The Fourth Science Fiction Megapack Read online

Page 3


  “She won’t be, probably. But Earth shares biometric data with Marsnet.”

  “Still won’t tell us where she is on Mars. I like the idea—”

  “Even Land Ethic Nomads can’t stay out in the sky forever. Send out biometrics, including the photo itself, and tell Pharmholders to check when travelers seek shelter.”

  “Yes, yes, Daddy, Mama, we can go home then?” Sekou was not asleep, it seemed.

  “Yes, little habling, yes, but close your eyes and go to sleep like Daddy said.”

  “Okay. But I have to go so bad!”

  Marcus patted the top of the bubble with his gloved hand. “Remember what I said, now. Close your eyes. Mama and Daddy have to talk some.”

  Zora said, “There’s one problem. I have no idea where that photo plate is.”

  “Ask Sekou.”

  Sekou heard his name and was instantly awake, sensing some how that he could be part of the solution to the family crisis. “Mommy! Mommy! It’s in my bedroom. I tried to show you when you read my story to me, only you made me go to sleep.”
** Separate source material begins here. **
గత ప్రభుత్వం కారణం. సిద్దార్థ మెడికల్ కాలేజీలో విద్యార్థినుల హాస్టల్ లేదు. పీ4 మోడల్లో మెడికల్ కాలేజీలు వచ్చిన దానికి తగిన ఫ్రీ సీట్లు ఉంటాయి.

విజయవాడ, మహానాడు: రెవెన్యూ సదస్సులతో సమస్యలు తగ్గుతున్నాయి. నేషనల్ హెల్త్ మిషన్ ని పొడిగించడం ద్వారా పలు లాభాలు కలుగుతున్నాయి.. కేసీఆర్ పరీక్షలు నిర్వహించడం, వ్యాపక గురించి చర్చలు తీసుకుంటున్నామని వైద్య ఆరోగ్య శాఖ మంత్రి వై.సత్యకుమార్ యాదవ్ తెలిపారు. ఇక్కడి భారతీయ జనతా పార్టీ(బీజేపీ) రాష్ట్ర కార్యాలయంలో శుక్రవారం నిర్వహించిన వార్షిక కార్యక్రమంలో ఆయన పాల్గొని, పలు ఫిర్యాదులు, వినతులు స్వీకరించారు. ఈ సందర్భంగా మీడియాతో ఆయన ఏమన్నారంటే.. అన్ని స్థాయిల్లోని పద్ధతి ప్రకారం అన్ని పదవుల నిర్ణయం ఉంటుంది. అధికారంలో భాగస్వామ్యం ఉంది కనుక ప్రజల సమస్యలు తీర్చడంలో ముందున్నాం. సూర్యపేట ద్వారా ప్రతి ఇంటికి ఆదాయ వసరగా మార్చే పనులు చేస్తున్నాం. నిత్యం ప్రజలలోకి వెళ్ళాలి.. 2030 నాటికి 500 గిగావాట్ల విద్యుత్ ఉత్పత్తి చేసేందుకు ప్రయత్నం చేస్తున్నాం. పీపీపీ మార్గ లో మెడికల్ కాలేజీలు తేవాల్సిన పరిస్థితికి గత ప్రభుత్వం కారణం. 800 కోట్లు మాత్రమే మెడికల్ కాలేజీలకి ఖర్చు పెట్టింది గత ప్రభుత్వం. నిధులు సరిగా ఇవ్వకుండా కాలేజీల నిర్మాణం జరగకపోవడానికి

  Zora felt a shudder of fear and hope. She knew Marcus would volunteer to go back into the hab and retrieve the camera and the photo plate. She knew it was dangerous, but she made an instant calculation: life without Marcus would be hell, and life on Mars without Marcus would be worse than hell.
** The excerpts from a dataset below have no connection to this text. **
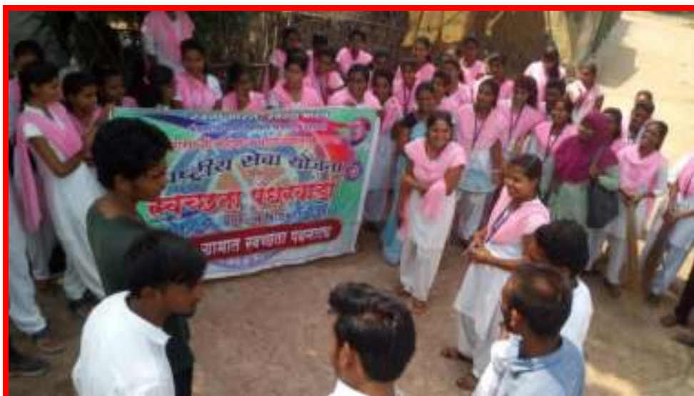
Cleaning Awareness by NSS volunteer in adopted Village in 'One Day Camp'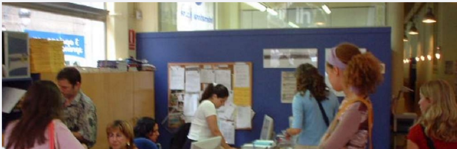
Barcelona - jetzt - Spanisch lernen mitten im Leben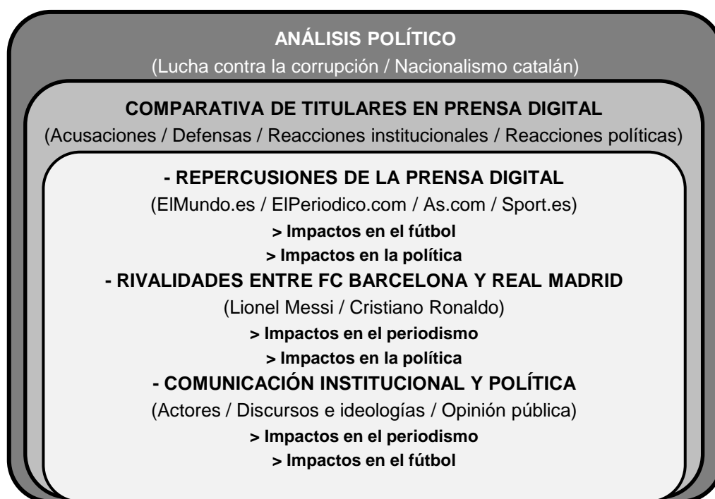
Figura 3. Procedimiento de la investigación. Elaboración propia.

En definitiva, el procedimiento de esta investigación ( Figura 3 ) se basará en determinar puntos en común entre política, periodismo y deporte. Elaboraremos un análisis político en el que nos vamos a basar en un apoyo contextual que consideramos suele formar parte del ámbito, el nacionalismo catalán y la lucha contra la corrupción. Realizaremos este estudio a través de la comparativa de titulares entre EIMundo.es, EIPeriodico.com, As.com y Sport.es que manifiesten las acusaciones sobre los casos de Messi y Ronaldo. Para completar la investigación, agregaremos titulares sobre las consecuencias de esas informaciones que reflejen las defensas que se produjeron y las reacciones desde la comunicación institucional y política. Desde los titulares de prensa digital aplicaremos las comparaciones sobre las influencias del periodismo, el periodismo en política y fútbol, las rivalidades en fútbol sobre prensa digital y política, y los impactos de la comunicación institucional y política en prensa digital y en fútbol.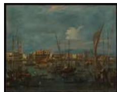
Venise depuis le bassin de Saint Marc – 1765-75 Francesco Guardi – italien – 1712-1793 The Metropolitan Museum of Art, New York, USA – Non visible actuellement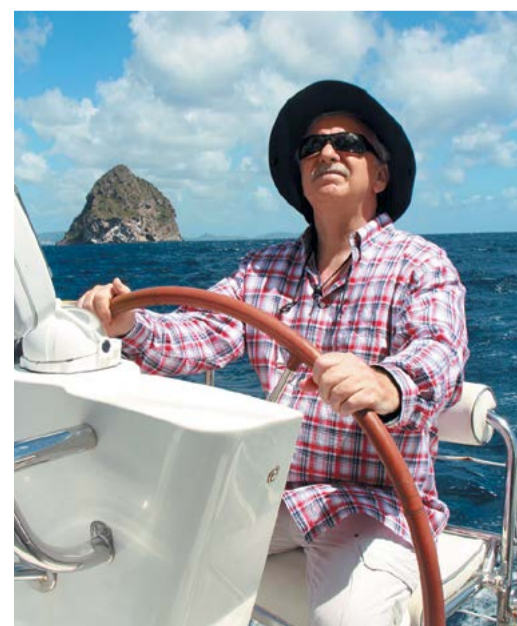
Курс – на новые впечатления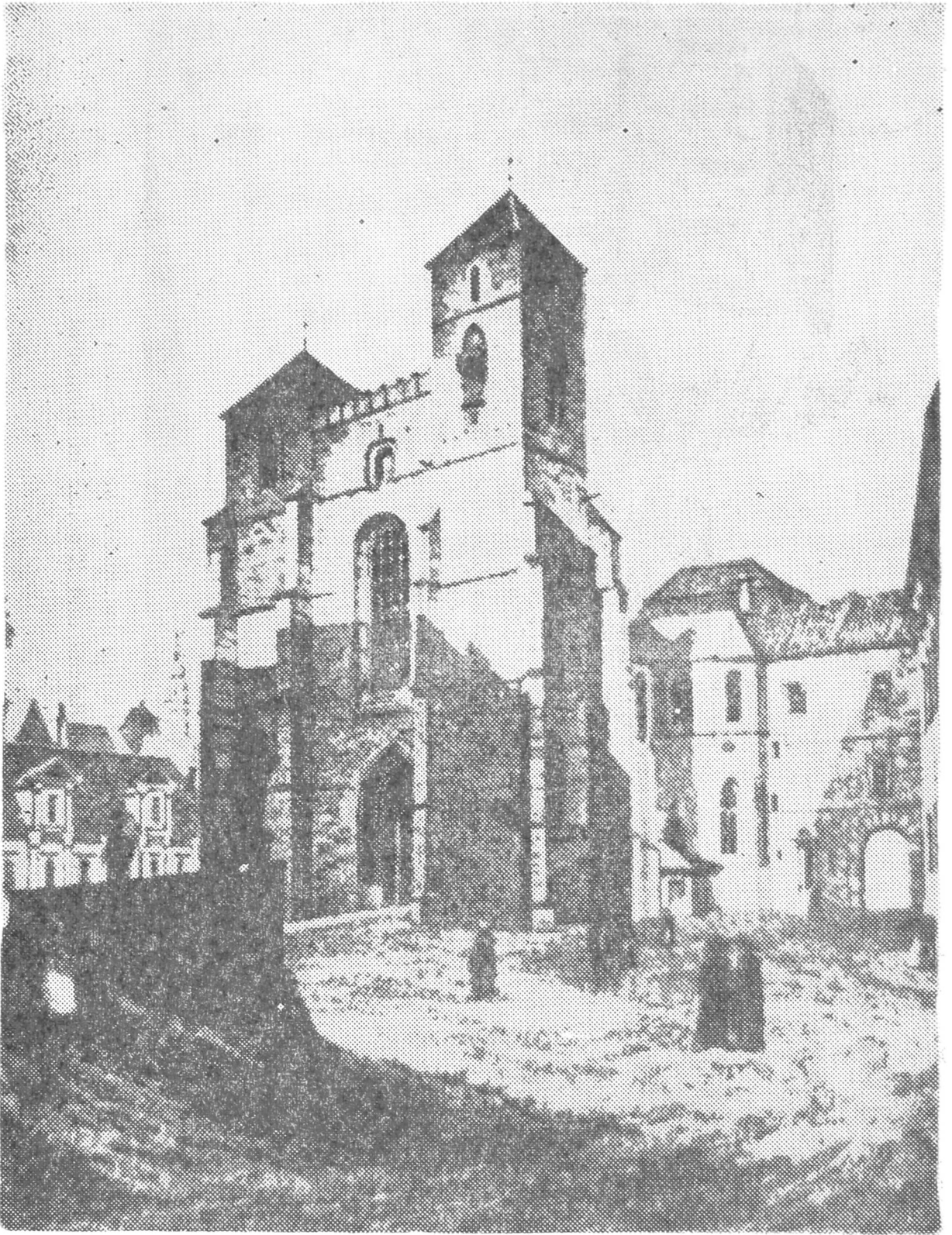
Kościół NMP w Kłodzku wzniesiony przez joannitów w XV w. (wg G. Grundmann, Dome, Kirche und Kloster in Schlesien)

  Marcus had already turned the rover around. She bit her lip. She was going to insist on being the one to go into that hot hab. But she wouldn’t make her bid until the last possible minute. She’d surprise him, force him into letting her do it before he could think. The entire ride was silent. Maybe Marcus was making the same calculations.

  * * * *

  As they neared the hab, Sekou’s tired little voice piped up. “Can we go back in now?”

  “No! Stop asking! Mommy and Daddy are just trying to protect you,” Zora snapped.
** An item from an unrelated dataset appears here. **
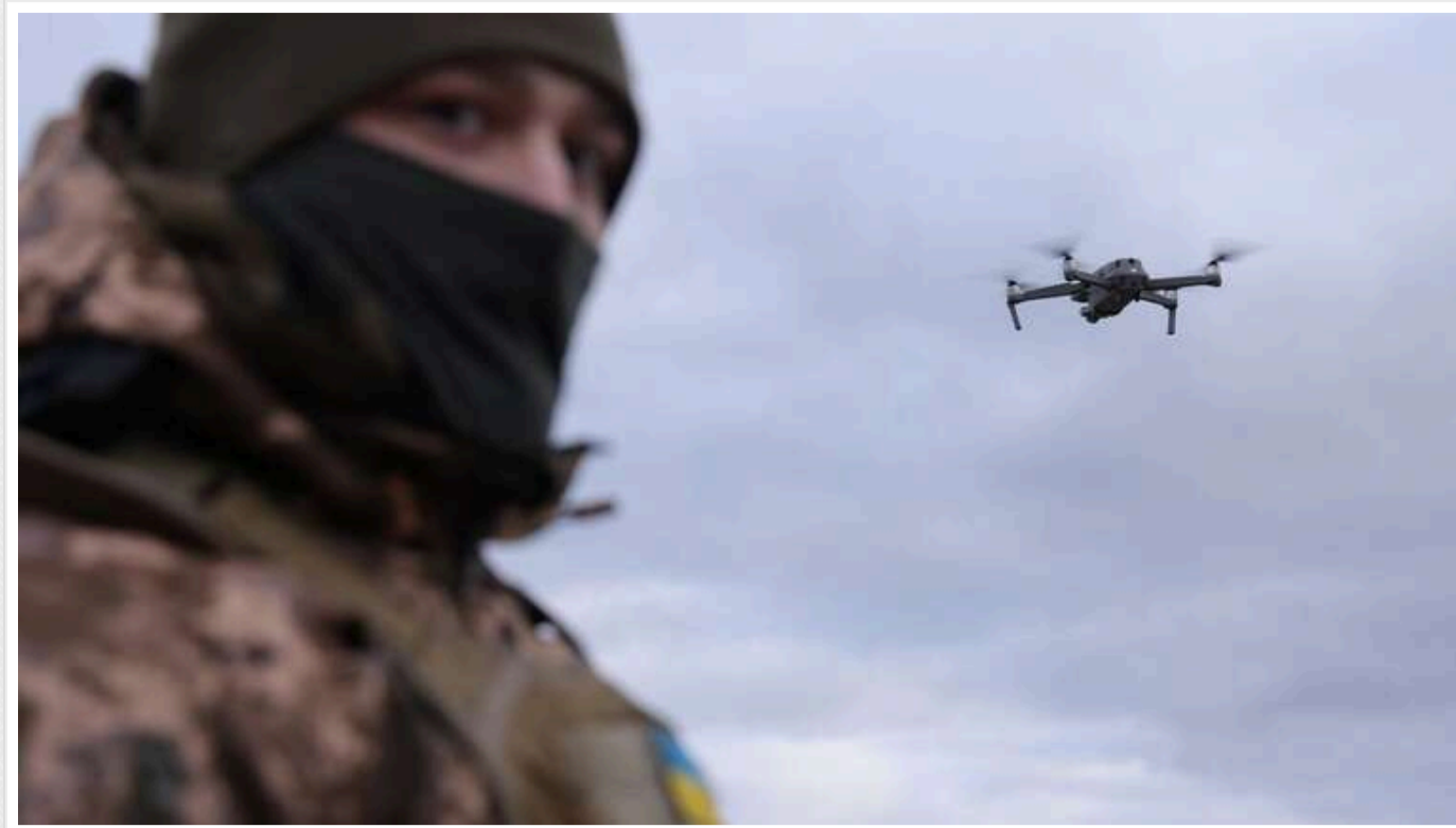
На Лиманському напрямку дрон-камікадзе бійців 60 ОМБр атакував російського загарбника у спину

Українські воїни з підрозділу ББнС "Vidarr" 60-ї окремої механізованої бригади на Лиманському напрямку знищили групу російських піхотинців за допомогою дронів-камікадзе. Окупантам не вдалося сховатися чи втекти від безпілотників.

  Marcus said, “Sekou, my big smart man, you remember about the radiation sensors? You know what bad rays do?”

  “Yeah, Dad. I just hoped maybe they went away.”

  “Not yet, son. We may have to move to a new hab.”

  “Can I take my toys there?”

  “You’ll get new ones.”

  “But you’ll get my camera?”

  “Yes, but I’ll tell you straight up, we have to keep it.”

  Zora had been wondering why Sekou no longer clamored for a bathroom, but a glance at his overalls revealed a dark stain on the front. Sekou, noticing her glance, said. “It kind of smells bad, and it’s all cold and wet.”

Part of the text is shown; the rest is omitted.